BEGIN Provided entries

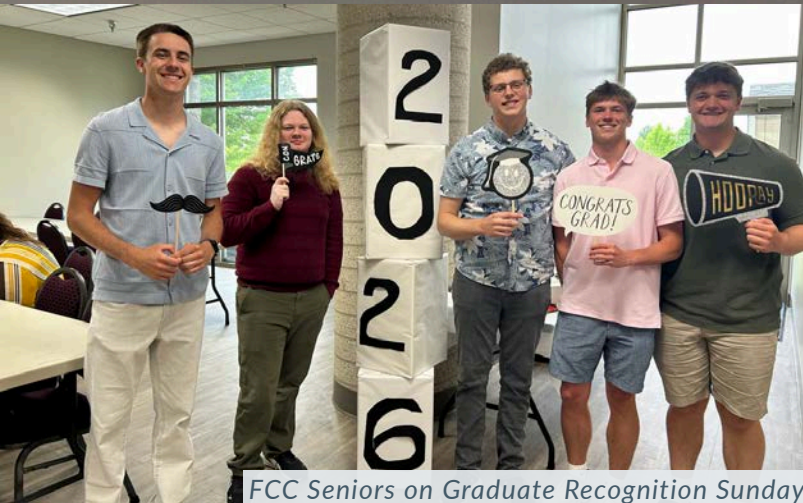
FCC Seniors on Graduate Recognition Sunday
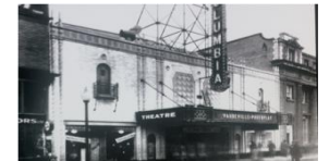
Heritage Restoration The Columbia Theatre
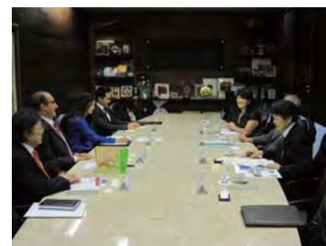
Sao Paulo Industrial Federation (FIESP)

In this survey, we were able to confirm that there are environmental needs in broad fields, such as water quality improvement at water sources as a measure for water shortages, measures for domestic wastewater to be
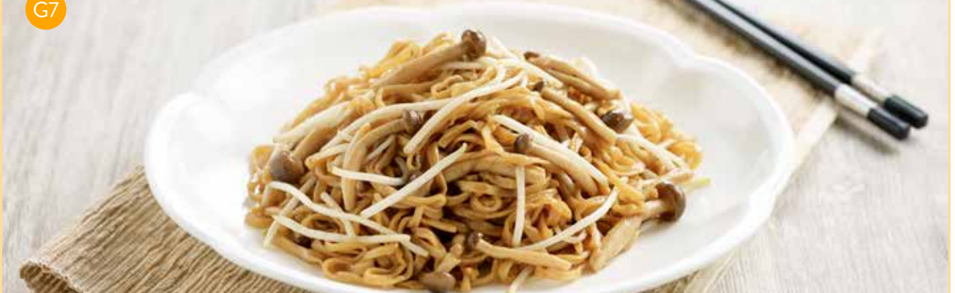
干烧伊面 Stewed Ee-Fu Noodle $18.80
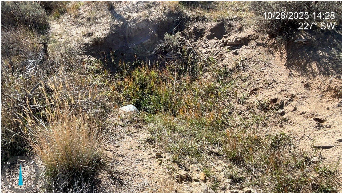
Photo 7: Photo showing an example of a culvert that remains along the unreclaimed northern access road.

END Provided entries
BEGIN Provided entries

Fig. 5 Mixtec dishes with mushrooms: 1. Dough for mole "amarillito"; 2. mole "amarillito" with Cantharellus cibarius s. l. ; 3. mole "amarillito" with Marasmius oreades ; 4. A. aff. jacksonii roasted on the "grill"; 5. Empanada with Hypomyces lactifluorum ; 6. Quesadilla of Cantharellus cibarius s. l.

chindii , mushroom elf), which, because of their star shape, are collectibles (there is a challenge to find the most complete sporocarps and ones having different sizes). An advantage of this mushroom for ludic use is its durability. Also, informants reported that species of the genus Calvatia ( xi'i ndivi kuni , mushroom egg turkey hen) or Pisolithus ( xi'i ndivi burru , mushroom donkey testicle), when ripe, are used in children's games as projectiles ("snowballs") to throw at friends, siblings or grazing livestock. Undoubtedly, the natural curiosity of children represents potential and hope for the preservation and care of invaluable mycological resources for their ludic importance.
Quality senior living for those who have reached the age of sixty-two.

END Provided entries
BEGIN Provided entries

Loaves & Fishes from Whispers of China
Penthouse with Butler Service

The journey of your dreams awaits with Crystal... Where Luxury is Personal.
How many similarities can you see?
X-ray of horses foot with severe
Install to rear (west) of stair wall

END Provided entries

Description of the task —
Range to copy from the listing above: the line containing "FCC Seniors on Graduate Recognition Sunday" down to the line containing "Photo 7: Photo", both included. Reproduce it exactly, minus the pictures, and add nothing.

Response area —
FCC Seniors on Graduate Recognition Sunday
Heritage Restoration The Columbia Theatre
Sao Paulo Industrial Federation (FIESP)

In this survey, we were able to confirm that there are environmental needs in broad fields, such as water quality improvement at water sources as a measure for water shortages, measures for domestic wastewater to be
干烧伊面 Stewed Ee-Fu Noodle $18.80
Photo 7: Photo showing an example of a culvert that remains along the unreclaimed northern access road.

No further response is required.